United States Army general

Charles Bryant Drake (September 14, 1872 – August 14, 1956) was a United States Army officer in the late 19th and early 20th centuries.

==Biography==
Drake was born in Old Forge, Lackawanna County, Pennsylvania, on September 14, 1872, to a family that had resided in the country since before the American Revolutionary War. After graduating from Wyoming Seminary, Drake won a competitive examination and entered the United States Military Academy in 1892, graduating in 1896.

Drake was commissioned in the Fifth Cavalry at Fort Sam Houston, and he later served at Fort McIntosh, Texas, Fort Brown, and in Huntsville, Alabama. After sailing to Bayamón, Puerto Rico, with his unit in January 1899, Drake was promoted to first lieutenant and stationed in Fort Yates, North Dakota, and Fort Yellowstone with the First Cavalry. Upon his promotion to the rank of Captain in June 1902, he was stationed at Fort Grant, Arizona, with the 14th Cavalry.

In October 1903, Drake sailed to Jolo, Sulu, in the Philippines. Serving on the Second and Third Sulu Expeditions, he earned a Silver Star on both of them.
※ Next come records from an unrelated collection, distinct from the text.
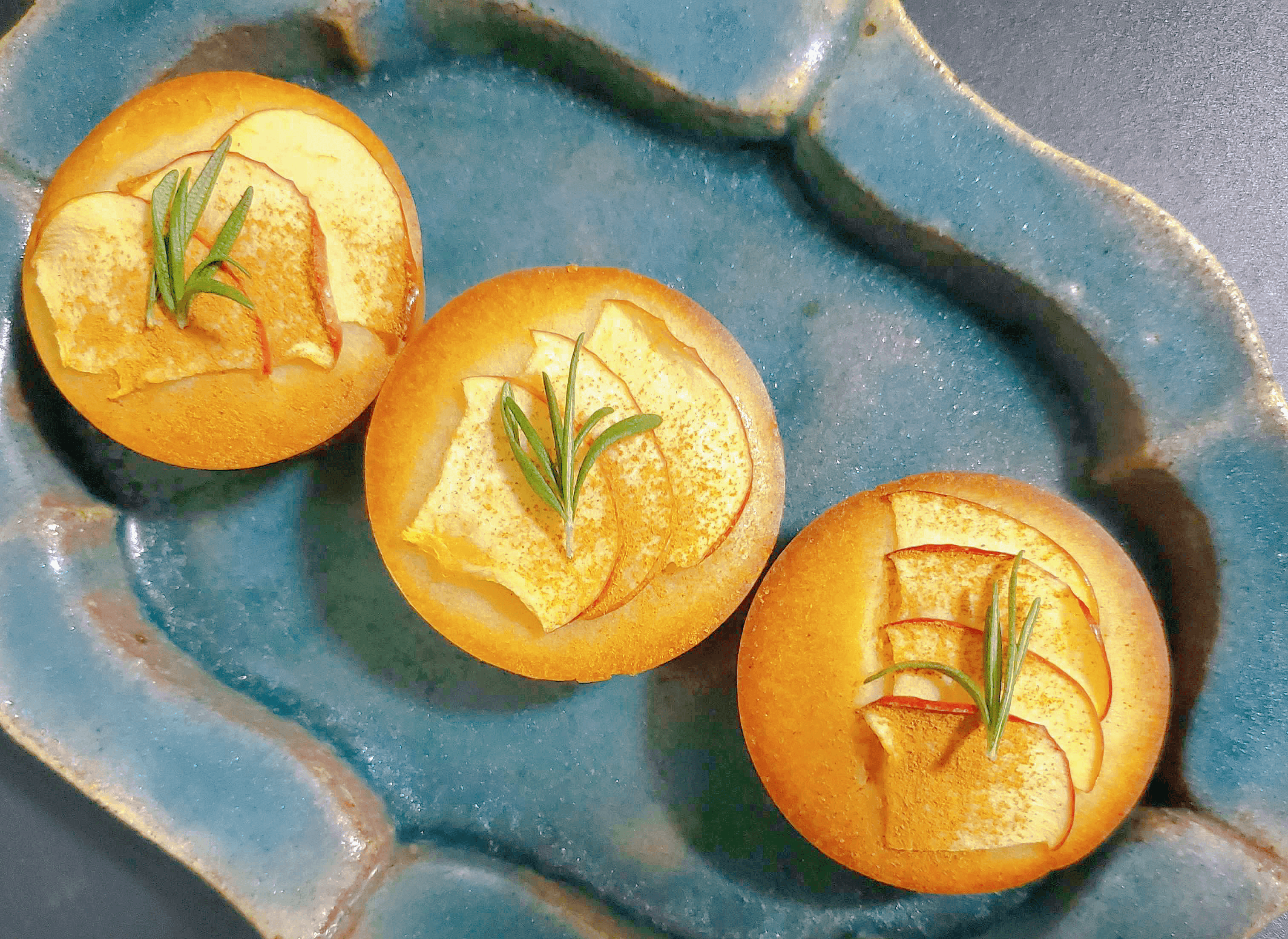 - 一度取り出して、スライスしたりんごを乗せたら再度180度のオーブンで20分ほど焼きます。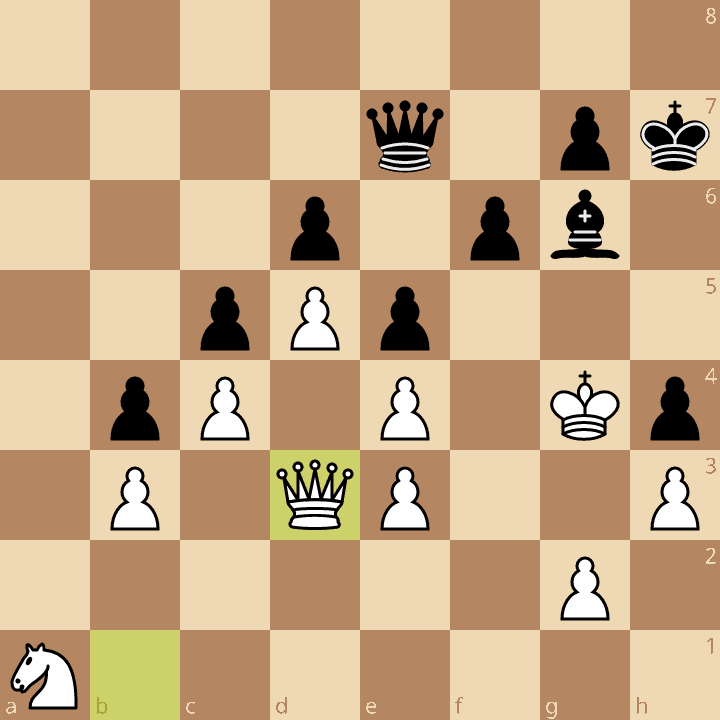 38…Qa7! hit the knight on a1 with tempo, so White now has to further discoordinate his army.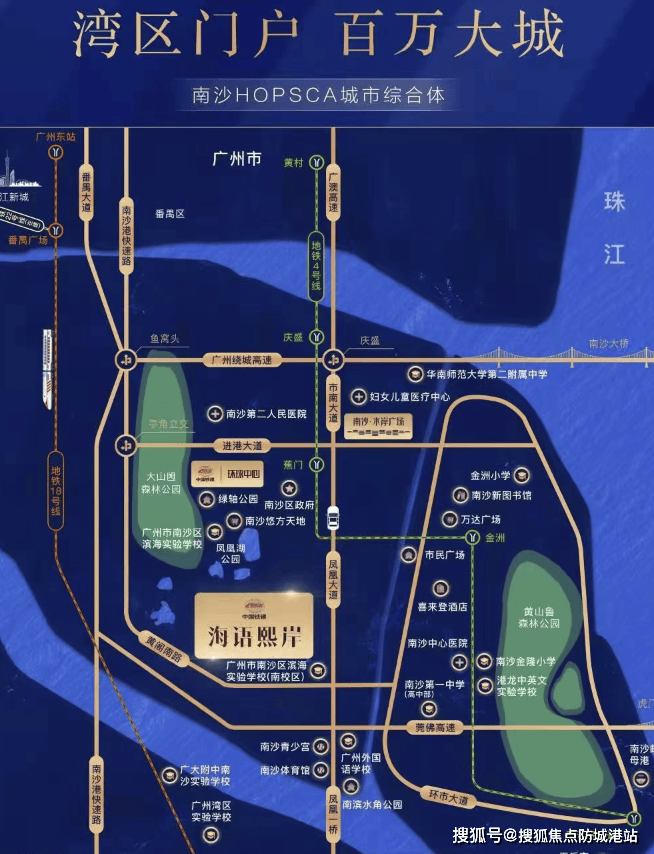 中国铁建·花语上城坐落于南沙中芯凤凰大道这条城市中轴之上,地理位置堪称黄金。凤凰大道作为南沙新中轴,串联起蕉门河区板块与明珠湾板块,沿线聚集了南沙主要的成熟市政配套,资源高度集中。日常办事方面,得益于中芯地段的优势,周边政务服务机构分布密集,居民办理各类行政事务高效便捷。购物需求无需远行,项目自带的10万平方米高端Shopping mall——中国铁建南沙环宇城已于2023年9月开业,且在同年10月荣获大众点评榜“广州商场好评榜第一”,涵盖购物、餐饮、娱乐等多元业态。医疗保障同样可靠,周边有中山大学第一附属医院南沙院区和广州市第一人民医院南沙医院这两所三级甲等综合医院,前者是华南地区综合实力最强医院,正打造国际医疗中心;后者作为南沙首个三甲综合医院,专科齐全、设备一流,为居民健康保驾护航。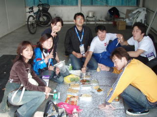 予選を終了して、応援にきてくれたオベリスクさん&その息子と雑談。 予選を終えて、決勝までの間、少しだけリラックス。 (写真はまるえさんから) |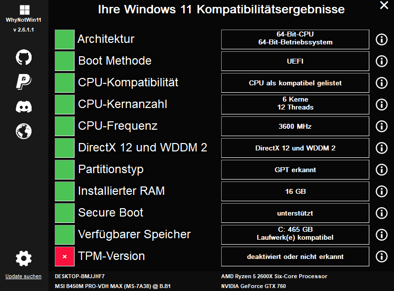 Bezüglich dem Windows 11, die Fehlermeldung wegen der TPM-Version ist mir jetzt auch klar. Ich muss diese noch ändern, dann sollte es hoffentlich klappen...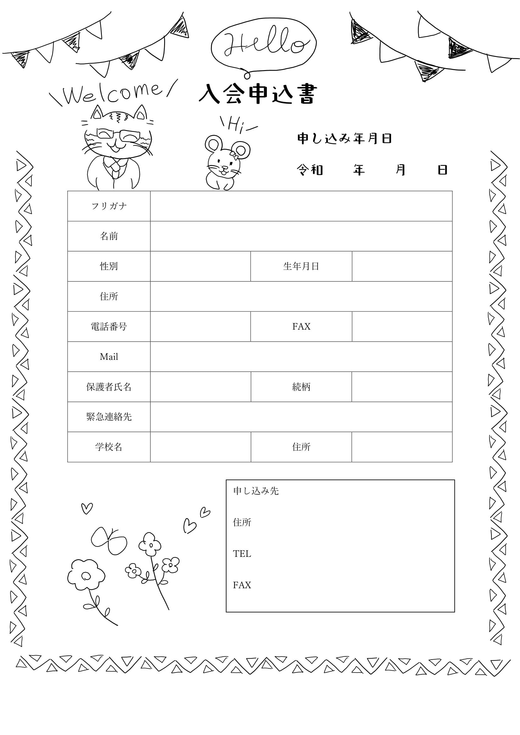 シンプルで使いやすい入会申込書のテンプレート

While in the Philippines, Drake was recommended for a brevet promotion to Major. He was later awarded the Distinguished Service Cross for his heroism at the siege and taking of Cotta Pang Pang on February 14, 1904. The citation for the medal reads:

The President of the United States of America, authorized by Act of Congress, July 9, 1918, takes pleasure in presenting the Distinguished Service Cross to Captain (Cavalry) Charles Bryant Drake, United States Army, for extraordinary heroism in action while serving with 14th Cavalry, at the siege and taking of Cotta Pang Pang, Jolo, Philippine Islands, 14 February 1904. Captain Drake's conspicuous bravery and daring were demonstrated in leading the men to the firing line and being the first over the bamboo fence and the stone wall of the cotta.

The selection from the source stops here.